** Instructions for the task **
Images in the data are to be skipped, while every line is restated exactly as written.

** Dataset extract **
● ● ● ● ●

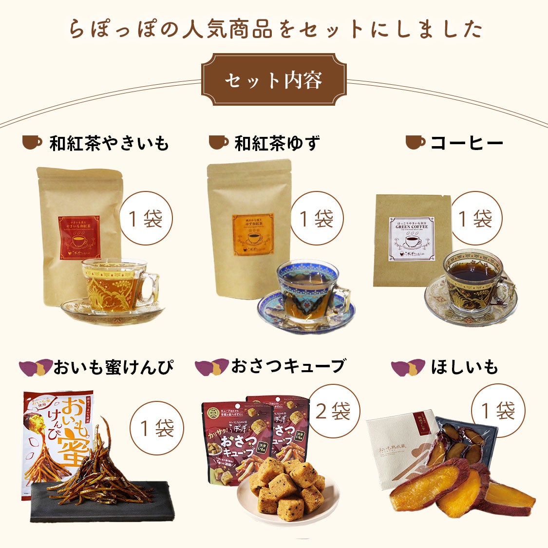 他の画像を見る 【通販限定】らぽっぽ おいもスイーツセレクション ギフト対応可 eギフト 税込価格 ¥ 6,480 税込 さつまいもの多彩な甘みをひと箱に詰めて、通販限定のおいもスイーツセレクション。 濃厚ななめらかプリン、香ばしい焼き菓子、やさしい甘さの干し芋まで、 さつまいもの多様な魅力を一度に味わえる贅沢な詰め合わせです。 詳細を見る お気に入り
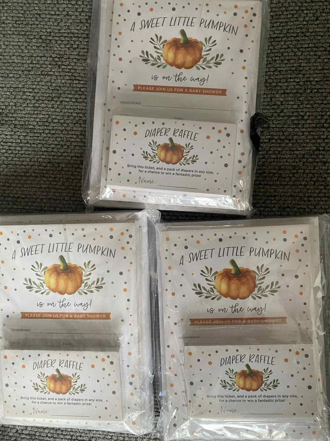 45I have a set of Koko Paper Co. Sweet Little Pumpkin baby shower invitations and diaper raffle tickets. They feature a rustic fall design with autumn colours, leaves, and chevron stripes. Each set includes 25 fill-in-style cards, envelopes, and raffle tickets. They are brand new in the packaging! Each pack contains 25 $15 per pack or $40 for all three packs Pick up only Park and Gibb Oshawa
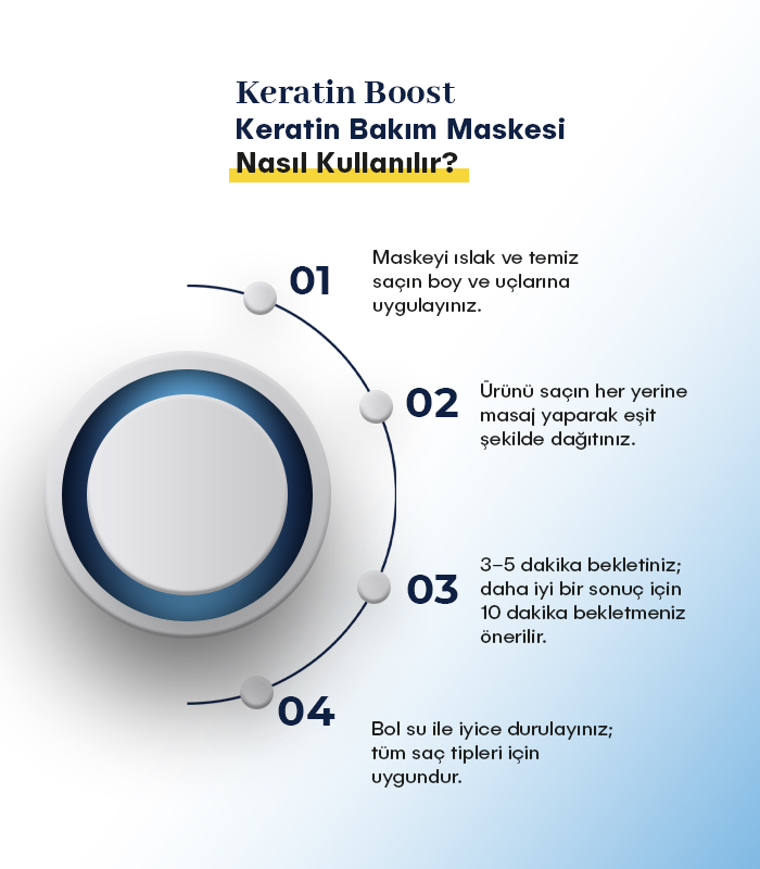 Islak ve temiz saça uygulanır. Saç boylarına ve uçlarına eşit şekilde dağıtılır. 3–5 dakika bekletildikten sonra bol su ile durulanır. (En iyi sonuç için 10 dakika bekletilmesi önerilir). Tüm saç tipleri için uygundur.
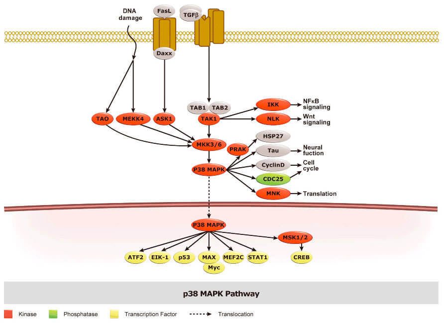 The p38 MAPK pathway is one of four MAPK systems in mammals that mediate cellular responses to external stimuli including stress and cytokines, among many others. The p38 MAPKs (α, β, γ, and δ), which are situated at the end of the canonical three-tier kinase cascade that is characteristic of these MAPK pathways, are intimately involved in fundamental cellular processes such as proliferation, differentiation, apoptosis, and metabolism. They also appear to be central players in many clinically important conditions, including autoimmunity, neurodegenerative disease, and cardiac ischemia.

● ● ● ● ●

** Task result **
 他の画像を見る 【通販限定】らぽっぽ おいもスイーツセレクション ギフト対応可 eギフト 税込価格 ¥ 6,480 税込 さつまいもの多彩な甘みをひと箱に詰めて、通販限定のおいもスイーツセレクション。 濃厚ななめらかプリン、香ばしい焼き菓子、やさしい甘さの干し芋まで、 さつまいもの多様な魅力を一度に味わえる贅沢な詰め合わせです。 詳細を見る お気に入り
 45I have a set of Koko Paper Co. Sweet Little Pumpkin baby shower invitations and diaper raffle tickets. They feature a rustic fall design with autumn colours, leaves, and chevron stripes. Each set includes 25 fill-in-style cards, envelopes, and raffle tickets. They are brand new in the packaging! Each pack contains 25 $15 per pack or $40 for all three packs Pick up only Park and Gibb Oshawa
 Islak ve temiz saça uygulanır. Saç boylarına ve uçlarına eşit şekilde dağıtılır. 3–5 dakika bekletildikten sonra bol su ile durulanır. (En iyi sonuç için 10 dakika bekletilmesi önerilir). Tüm saç tipleri için uygundur.
 The p38 MAPK pathway is one of four MAPK systems in mammals that mediate cellular responses to external stimuli including stress and cytokines, among many others. The p38 MAPKs (α, β, γ, and δ), which are situated at the end of the canonical three-tier kinase cascade that is characteristic of these MAPK pathways, are intimately involved in fundamental cellular processes such as proliferation, differentiation, apoptosis, and metabolism. They also appear to be central players in many clinically important conditions, including autoimmunity, neurodegenerative disease, and cardiac ischemia.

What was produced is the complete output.